Department of Medicine, Division of Nephrology, Massachusetts General Hospital, Boston, Massachusetts.
Department of Medicine, Gastrointestinal Unit, Massachusetts General Hospital, Boston, Massachusetts.
Artif Organs. 2019 Sep;43(9):913-920. doi: 10.1111/aor.13473. Epub 2019 May 29.
Long waiting times for kidney transplant (KT) and the high risk of mortality on dialysis have prompted investigation into strategies to utilize hepatitis C virus (HCV)-infected organs to decrease discard rates of potentially viable kidneys. Due the opioid epidemic, the number of HCV-infected donors has increased significantly. With the development of direct-acting antiviral therapies for HCV infection, now more than 95% of patients who received treatment are cured. Experimental trials have used direct-acting antiviral therapy to treat HCV infection in HCV-uninfected transplant recipients of kidneys from HCV-viremic donors. To date, HCV has been eradicated in all cases. Though these strategies will potentially increase the donor pool of available kidneys, shorten waitlist times, and ultimately decrease mortality in patients waiting for KT, identifying the ideal candidates and educating them about a protocol to utilize direct-acting antiviral therapy to cure HCV after it is transmitted is essential. We present our approach to patient selection and education for a clinical trial in transplantation of HCV viremic kidneys into uninfected recipients.

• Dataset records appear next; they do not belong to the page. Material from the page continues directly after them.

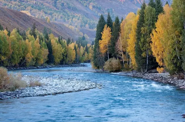 從布爾津川流而過(guò)的額爾齊斯河,是我國(guó)唯一一條向西流入北冰洋的河流。但是“一河隔兩岸,自有兩重天”,神奇的五彩灘就在這里。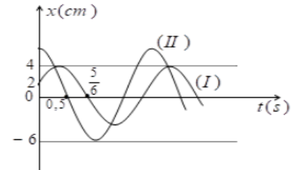 Hai dao động điều hòa cùng phương trình \({x_1} = {A_1}\cos \left( {\omega t + {\varphi _1}} \right)\)và \({x_2} = {A_2}\cos \left( {\omega t + {\varphi _2}} \right)\), trên hình vẽ đường đồ thị (I) biểu diễn dao động thứ nhất, đường đồ thị (II) biểu diễn tổng hợp của hai dao động.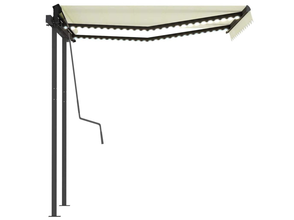 Tato markýza má hliníkový rám s práškovým nástřikem, který nerezaví, je lehký, ale přitom je mimořádně robustní. Pevný železný sloupek jí dodává na stabilitě. Zatahovací stříška je zhotovená z vysokohustotního polyesteru potaženého vrstvou PU, výborně tedy vzdoruje vodě i UV záření. Úhel a výšku si můžete navíc nastavit dle svých konkrétních potřeb. Markýzu snadno roztáhnete a zatáhnete pomocí dlouhé ruční kliky. A co víc, solární LED světla poskytují energeticky úsporné osvětlení v noci.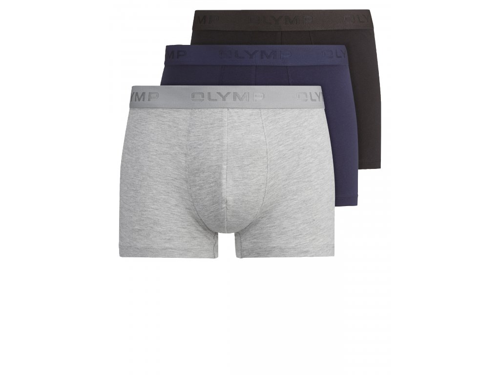 Tříbalení boxerek OLYMP nabízí pohodlí a skvělý vzhled. Díky zkrácené nohavičce a elastickému značkovému pasu mají tyto vysoce kvalitní přiléhavé retro boxerky vynikající vlastnosti pro nošení a údržbu Stylové elastické trenýrky z měkké bavlny jsou k dispozici ve třech nadčasových barvách: černé, modré a šedé.
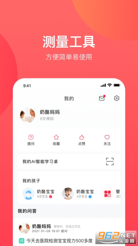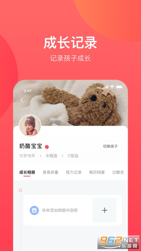 这是一款专为6-18岁青少儿父母量身定制、共同守护儿童健康成长的APP。APP内提供专业的青少儿健康成长知识分享,并新增AI智能预测、云相册、近视 & 驼背测试等成长健康记录工具。在线上传孩子成长关键期的独家照片,和4亿家长一起云见证孩子的成长变化的每一步!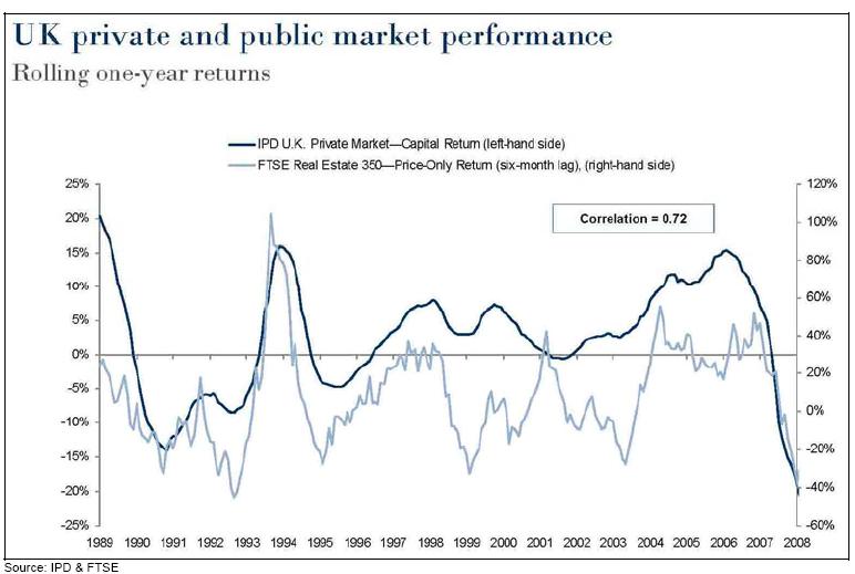 A new chapter has been written today on the discussion as to how the listed real estate sector (property stocks) resembles to or correlates with direct real estate (bricks and mortar investments).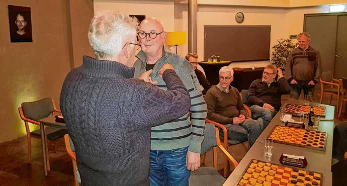 geprezen voor zowel zijn damprestaties als voor zijn positieve bijdrage aan de gezelligheid binnen de vereniging. “Ik was er samen met mijn vrouw Hanny, en had echt geen idee dat dit eraan zat te komen.” Daarna werd er natuurlijk gewoon gedamd. “Toen ging Hanny maar weer naar huis, ze heeft niet zoveel met de sport,” vertelt Tonnie lachend.
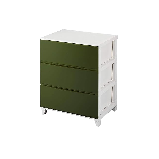 商品名:【web限定カラー】 サンカ ルームス 収納 チェスト カーキ ワイド 3段 (幅54×奥行42×高さ68cm) スルっと引き出せて スキッと締まる引き出し キズ付きにくいマット加工パネル 簡単組み立て 日本製 衣装ケース タンス ROOM'S shade squ+ ARSD-S543KK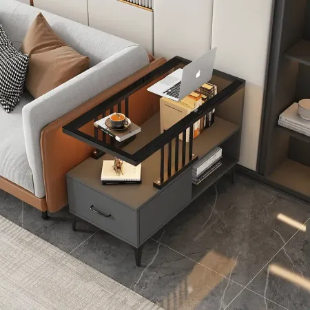 Главная » Мебель Приставной столик Wen Qin, серый Просмотров 5 Приставной столик-тумба для гостиной. Стеклянная верхняя полка-столешница из темно-серого стекла, выдвижной ящик, открытые полки. Wen Qin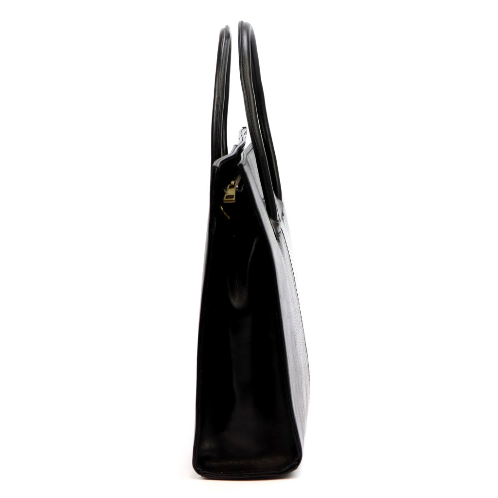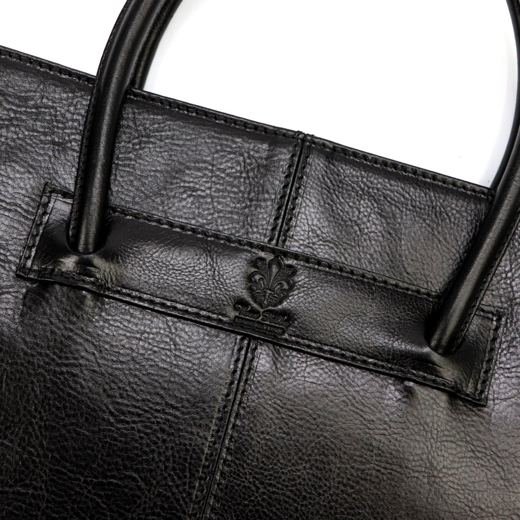 Taška je vyrobená z prvotriednej, hodvábne lesklej hovädzej kože. Jej hladký, jemne lesklý povrch vytvára sofistikovaný efekt a prírodná koža poskytuje odolnosť a elegantný vzhľad. Podľa feng shui sa čierna farba spája s múdrosťou, silou a sebavedomím a ako nadčasový odtieň dodáva taške jednoznačný, profesionálny charakter. Reliéfne logo je jemným, sofistikovaným detailom a nitovaná základňa chráni tašku, keď je položená na zemi.

由于肾移植(KT)等待时间长,透析患者死亡率高,因此人们研究了利用丙型肝炎病毒(HCV)感染器官的策略,以降低潜在有活力的肾脏的废弃率。由于阿片类药物泛滥,HCV 感染供体的数量显著增加。随着针对 HCV 感染的直接作用抗病毒治疗的发展,现在接受治疗的 95%以上的患者都被治愈了。实验性试验已经使用直接作用抗病毒疗法来治疗 HCV 感染的 HCV 未感染的 HCV 病毒血症供体的肾移植受者。迄今为止,所有病例中的 HCV 均已被清除。尽管这些策略可能会增加可供使用的肾脏供体库,缩短候补名单的等待时间,并最终降低等待 KT 的患者的死亡率,但确定理想的候选者并对他们进行有关直接作用抗病毒疗法的教育,以在 HCV 传播后治愈 HCV 是至关重要的。我们介绍了我们在 HCV 病毒血症供体肾移植到未感染受者的临床试验中的患者选择和教育方法。